父親が騎士団長を更迭された代わりって、あんまり良い意味じゃないよね。自力ではなく、政治的配慮で栄転って事は、微妙にプライドを刺激されるんじゃないか?
「失礼、聖女様にご挨拶を申し上げたいのだが、そこを退いてもらえないだろうか」
わたしの目の前のシリンさんに言ったものか。気遣うような視線をわたしに向けて、仕方なさそうにシリンさんが脇に避ける。
でもわたしの護衛騎士はまだイリアさんとミラさんもいる。2人が逆にずいっと前に出て、ジェラルド様を包囲する。
で、わたしはというと、心とは裏腹に、じりじりと後退る。
だってでかいんだもん。さすが騎士の家系の成人男子。サリエル様でも怖いと思ったのに、無理!
「え、あの、聖女様?」
「申し訳ございません、ジェラルド卿。アリス様は成人男子を怖がる向きがございます。挨拶ならば、これくらいの距離を保っていただきます」
シリウス様は更に一歩わたしを下がらせた。たぶん、3メートル以上離れている。
もちろんわたしはシールドを張ってるよ。
ジェラルド様は呆気に取られていたようだけど、仕方なさそうにその場に留まった。
「ミンツ侯爵家嫡男ジェラルドにございます。ご尊顔を拝謁出来、この上ない喜びでございます」
「初めてお目にかかります、アリス・ロイドでございます。弟君のピエール様には護衛をして頂き、大変お世話になっております」
「愚弟がお役に立てているならば何よりでございます。しかしながら、この度お手を取ったのは、我が愚弟ではなくハノーヴァ家のご子息ですか」
意味ありげにシリウス様をちらりと見る、その目つきがちょっと癇に障った。
それに「愚弟」を連呼しないでよ! ピエール様は優秀なんだからね!
わたしが眉を顰めると、ここですっとビアンカ様がヘンリー様を伴って前に出た。
「ミンツ様、リリアン様、ご婚約おめでとうございます」
キラキラのご令嬢スマイルでお祝いを述べると、ジェラルド様はともかく、リリアン先輩はふと顔を背けてしまった。
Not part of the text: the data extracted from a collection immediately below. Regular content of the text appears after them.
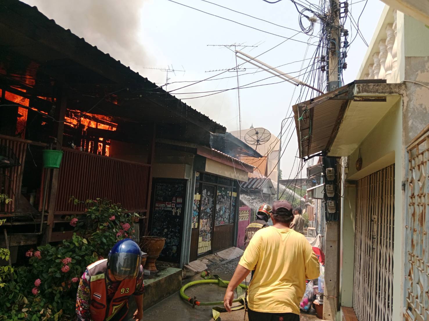 อาสาสมัคร มูลนิธิเสมอกันกู้ภัยสุพรรณบุรี เขตเมือง พร้อมด้วย รถน้ำดับเพลิง บรรเทาสาธารณภัย จำนวนหลายคัน เข้าร่วมในที่เกิดเหตุ พบเพลิงกำลังลุกไหม้บ้านไม้อย่างรุนแรง เจ้าหน้าที่ดับเพลิงดำเนินการระดมฉีดน้ำระงับเพลิง ใช้เวลารวมกว่า 40 นาที จึงสามารถควบคุมเพลิงไว้ได้
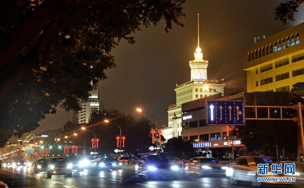 彩灯装扮的北京市复兴路(6月28日摄)。
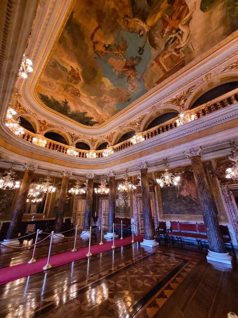 Ao redor do salão existem 16 colunas feitas de ferro e revestidas de gesso para imitar mármore. Entre as colunas há lustres de cristal de murano.
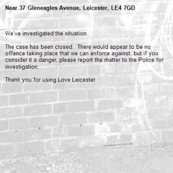 The case has been closed. There would appear to be no offence taking place that we can enforce against, but if you consider it a danger, please report the matter to the Police for investigation.

まあ心情は察するけどね。
「これはサザーランド公爵令嬢、ありがとうございます」
「もう、兄上! ちゃんとリリアン様をご紹介してくださいませ」
今度はずいっと妹ちゃんが前に出た。
わたしの前には人垣が出来、シリウス様はわたしの手を引いて、その場を遠ざかる。
もしや、皆さん、防壁になってくれたんでしょうか。
貴公子スマイルを浮かべたシリウス様が、寄ってくる令息や令嬢を適当にあしらいながら、庭園の外れ、離宮の裏側方向まで誘ってくれた。
花咲く生け垣が、少し低めの壁になっていて、メイン会場からは影になっている。
「疲れただろう? 控室の状況を確認してくるので、ここで少し待っていてくれ」
あ、普段の口調に戻った。うん、こっちの方が落ち着くわ。
シリウス様が立ち去ると、すぐに護衛騎士たちがわたしを包囲する。わたしは更にその外側までをシールドで覆った。
ビアンカ様とヘンリー様を置いて来てしまったけど大丈夫かなぁ。
いや、わたしが社交でビアンカ様を心配するなどおこがましいわね。
それにしても、ピエール様と兄君はあまり共通点がないみたい。髪色は赤みの強い金髪で、きれいに撫でつけて顔が露わだったから余計に分かった。
まだ妹ちゃんの方がピエール様と面影が似通っている。
なんかモヤモヤするなぁ、あのお兄さん。
話の流れだと、先月リリアン先輩と婚約したばっかりなのに、マリエル先輩をエスコートしようとしたの? 意味不明。
それにミンツ家を継ぐのではなく、リズベリー家を継ぎたいと言っていたとか言うし。
さっきはさっきで、わたしがピエール様じゃなく、シリウス様をエスコート役に選んだのが気に入らないんだか、妙な雰囲気だったし。
いや、分からんことを考えても仕方がない。それにピエール様もミンツ家からなんか言われても気にするなって言ってたし。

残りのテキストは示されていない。